There's another one in patch 3. I suppose we can do that. Maybe
something like:
static inline bool rq_modified_above(struct rq *rq, struct sched_class *class)
{
unsigned int mask = class->queue_mask;
return rq->queue_mask & ~((mask << 1) - 1);
}
This then writes the above like:
if (rq_modified_above(this_rq, &fair_sched_class))
On 07/10/25 12:16, Peter Zijlstra wrote:
> On Tue, Oct 07, 2025 at 12:08:03PM +0200, Juri Lelli wrote:
> > Hi Peter,
> >
> > On 06/10/25 12:46, Peter Zijlstra wrote:
> > > Have enqueue/dequeue set a per-class bit in rq->queue_mask. This then
> > > enables easy tracking of which runqueues are modified over a
> > > lock-break.
> > >
> > > Signed-off-by: Peter Zijlstra (Intel) <peterz@infradead.org>
> > > ---
> >
> > Nice.
> >
> > > @@ -12887,8 +12888,8 @@ static int sched_balance_newidle(struct
> > > if (this_rq->cfs.h_nr_queued && !pulled_task)
> > > pulled_task = 1;
> > >
> > > - /* Is there a task of a high priority class? */
> > > - if (this_rq->nr_running != this_rq->cfs.h_nr_queued)

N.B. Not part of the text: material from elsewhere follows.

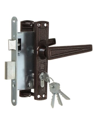 Замок врезной Омега, ЗВ7, 00-00000589, ручка в комплекте, цилиндровый, бронзовый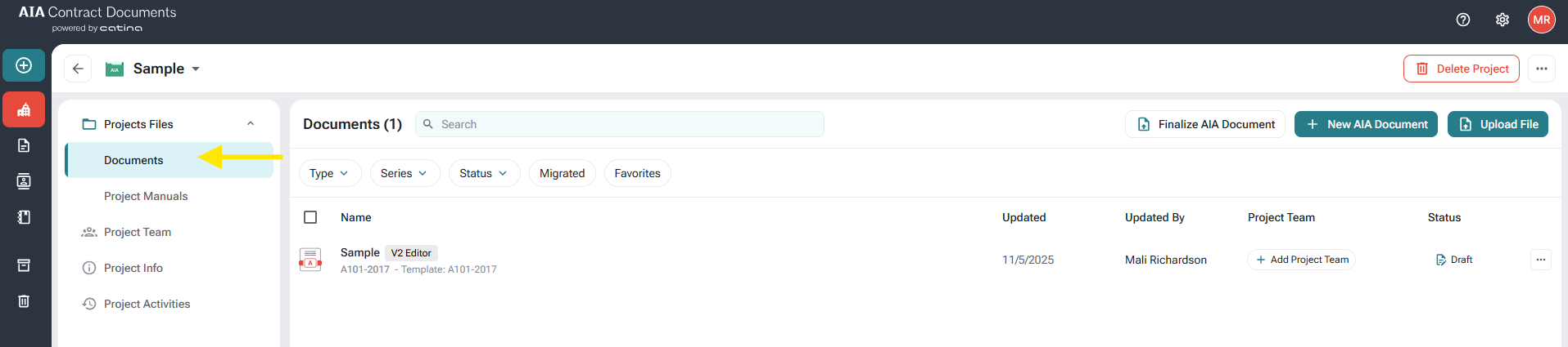 We also simplified the Project Files navigation found within the Projects Tab, making it easier to find what you are looking for within your project. We changed "AIA Documents" to just "Documents" and removed the "Upload" folder. Now all project related documents will be stored in the Documents folder with distinguishing icons. Any previously uploaded file will be accessible in this updated Documents tab.

> > > + /* If a higher prio class was modified, restart the pick */
> > > + if (this_rq->queue_mask & ~((fair_sched_class.queue_mask << 1)-1))
> > > pulled_task = -1;
> >
> > Does this however want a self-documenting inline helper or macro to make
> > it even more clear? If this is always going to be the only caller maybe
> > not so much.
>
> There's another one in patch 3. I suppose we can do that. Maybe
> something like:
>
> static inline bool rq_modified_above(struct rq *rq, struct sched_class *class)
> {
> unsigned int mask = class->queue_mask;
> return rq->queue_mask & ~((mask << 1) - 1);
> }
>
> This then writes the above like:
>
> if (rq_modified_above(this_rq, &fair_sched_class))
>
Yeah. Maybe also add a "check rq::queue_mask comment for additional
details" or something like this.
Thanks!
Juri
The following commit has been merged into the sched/core branch of tip:
Commit-ID: 1e900f415c6082cd4bcdae4c92515d21fb389473
Gitweb: https://git.kernel.org/tip/1e900f415c6082cd4bcdae4c92515d21fb389473
Author: Peter Zijlstra <peterz@infradead.org>
AuthorDate: Wed, 01 Oct 2025 15:50:15 +02:00
Committer: Peter Zijlstra <peterz@infradead.org>
CommitterDate: Thu, 16 Oct 2025 11:13:55 +02:00
sched: Detect per-class runqueue changes
Have enqueue/dequeue set a per-class bit in rq->queue_mask. This then
enables easy tracking of which runqueues are modified over a
lock-break.
Signed-off-by: Peter Zijlstra (Intel) <peterz@infradead.org>
Acked-by: Tejun Heo <tj@kernel.org>
---
kernel/sched/core.c | 2 ++
kernel/sched/deadline.c | 2 ++
kernel/sched/ext.c | 2 ++
kernel/sched/fair.c | 7 +++++--
kernel/sched/idle.c | 2 ++
kernel/sched/rt.c | 2 ++
kernel/sched/sched.h | 25 +++++++++++++++++++++++++
kernel/sched/stop_task.c | 2 ++
8 files changed, 42 insertions(+), 2 deletions(-)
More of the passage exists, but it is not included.